* DATASET RECORDS
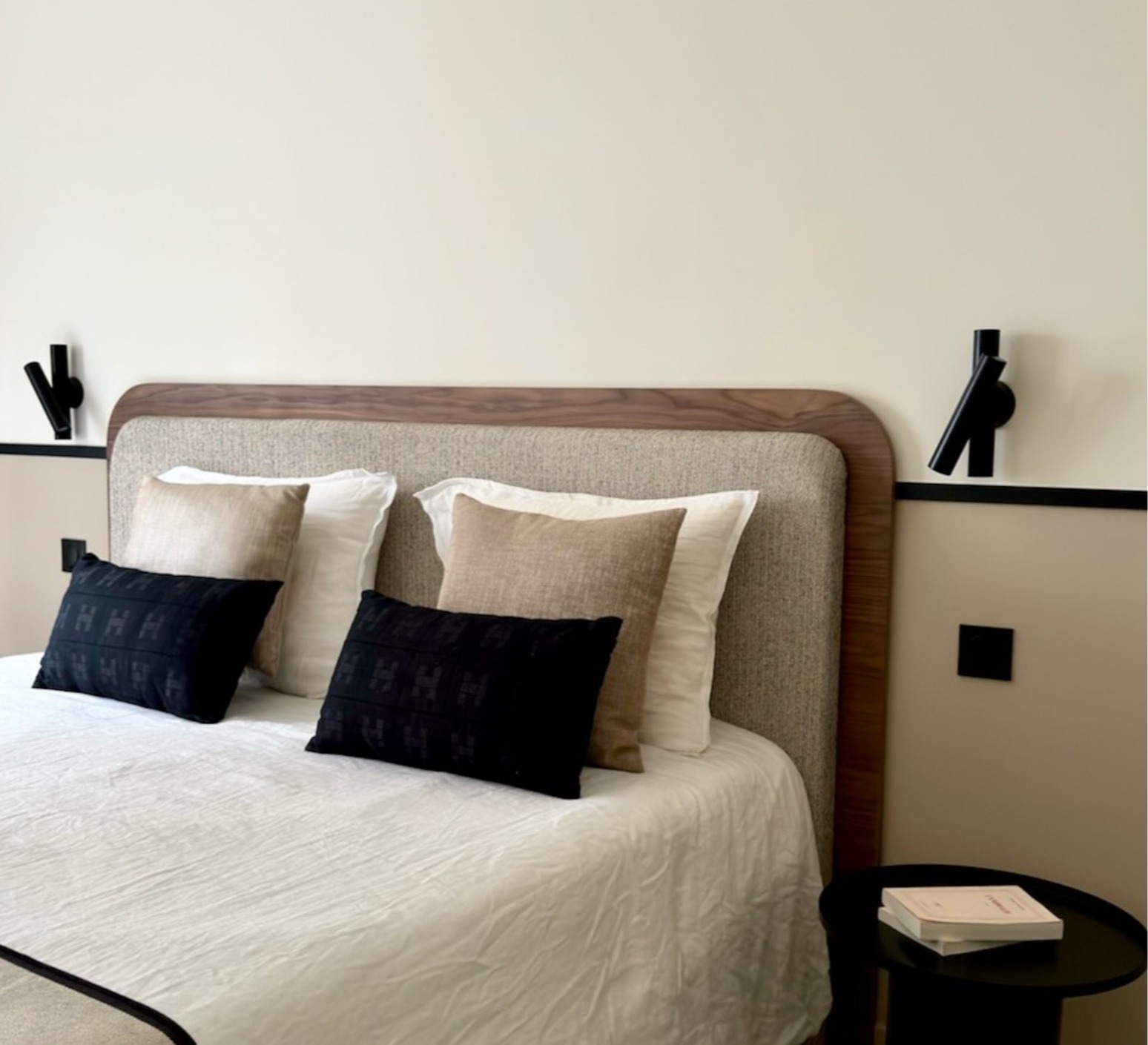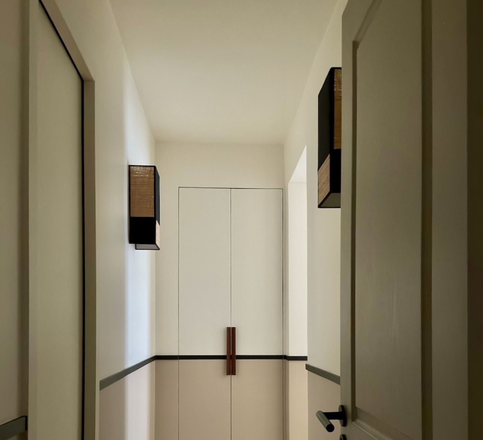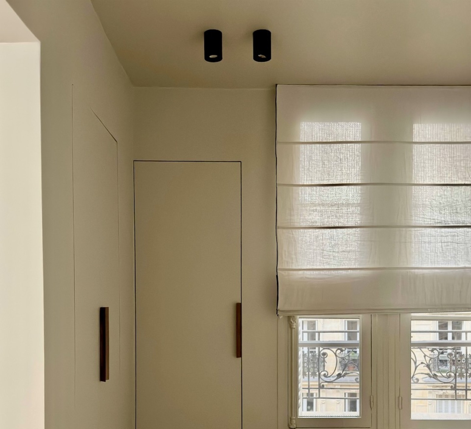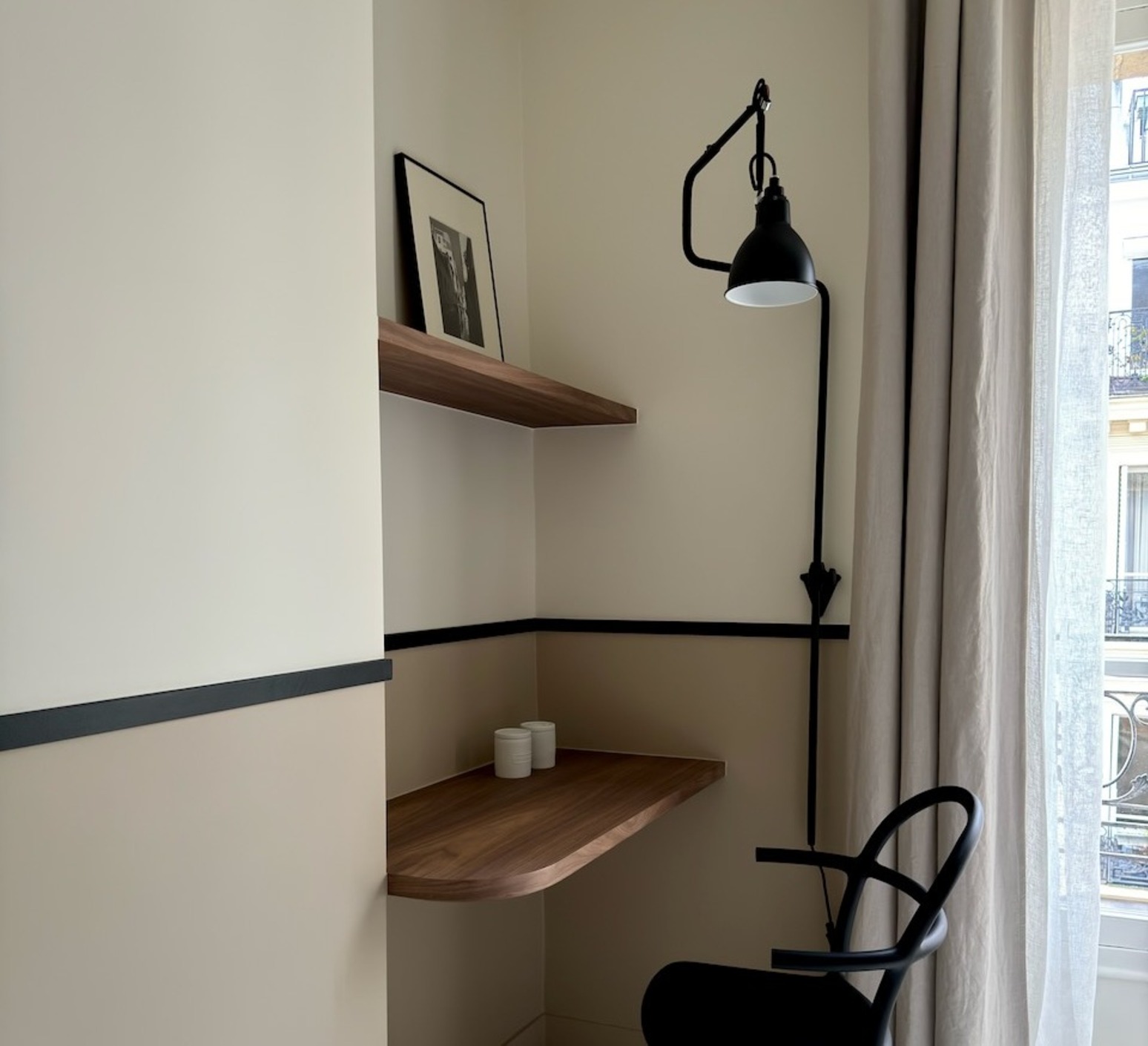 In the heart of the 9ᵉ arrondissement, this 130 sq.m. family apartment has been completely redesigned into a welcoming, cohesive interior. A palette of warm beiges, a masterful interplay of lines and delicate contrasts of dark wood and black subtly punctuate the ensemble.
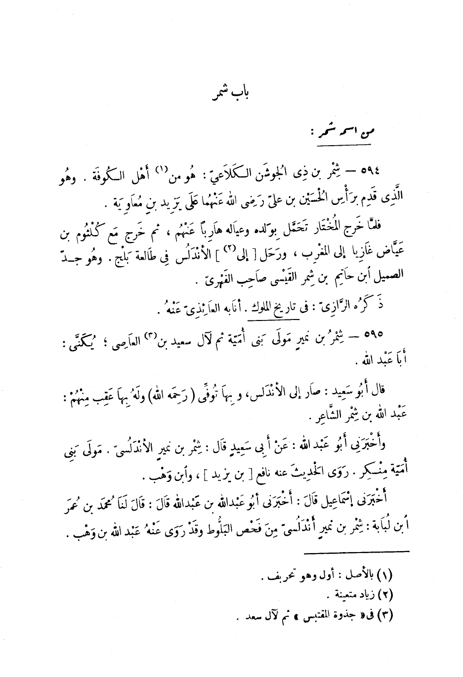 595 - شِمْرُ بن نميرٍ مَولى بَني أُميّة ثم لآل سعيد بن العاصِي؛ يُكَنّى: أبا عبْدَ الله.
* * *
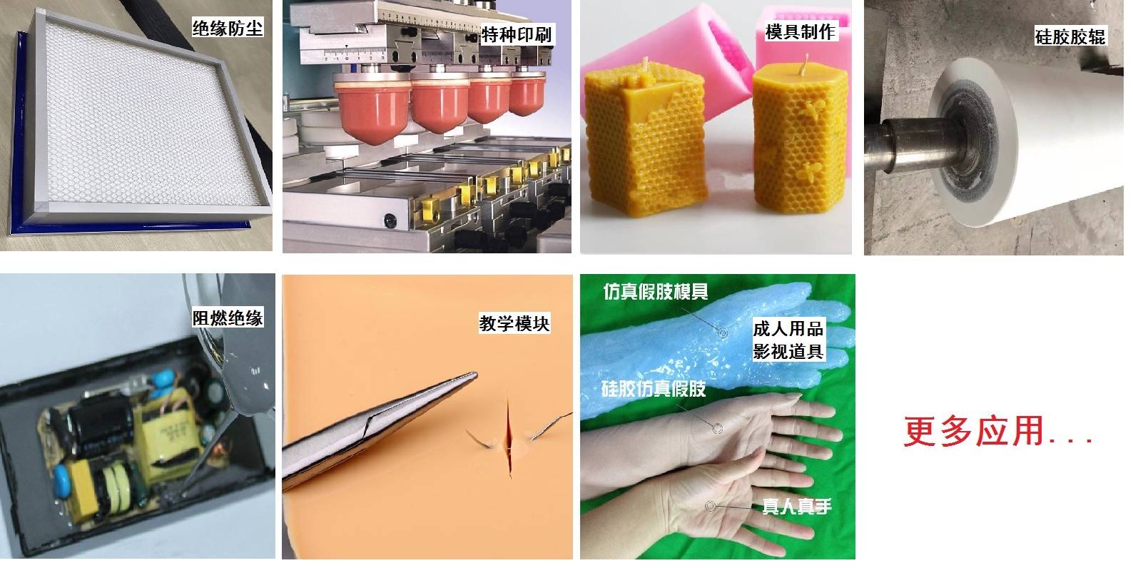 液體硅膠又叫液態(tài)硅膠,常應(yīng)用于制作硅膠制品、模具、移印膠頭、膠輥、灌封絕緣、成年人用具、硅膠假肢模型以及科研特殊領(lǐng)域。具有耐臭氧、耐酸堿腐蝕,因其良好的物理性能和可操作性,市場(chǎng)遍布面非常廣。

* PROBLEM REQUIREMENTS
Every line above between the one containing "In the heart" and the one containing "595 - شِمْرُ", those two included, is to be printed exactly. No pictures go into the copy.

* TASK RESPONSE
 In the heart of the 9ᵉ arrondissement, this 130 sq.m. family apartment has been completely redesigned into a welcoming, cohesive interior. A palette of warm beiges, a masterful interplay of lines and delicate contrasts of dark wood and black subtly punctuate the ensemble.
 595 - شِمْرُ بن نميرٍ مَولى بَني أُميّة ثم لآل سعيد بن العاصِي؛ يُكَنّى: أبا عبْدَ الله.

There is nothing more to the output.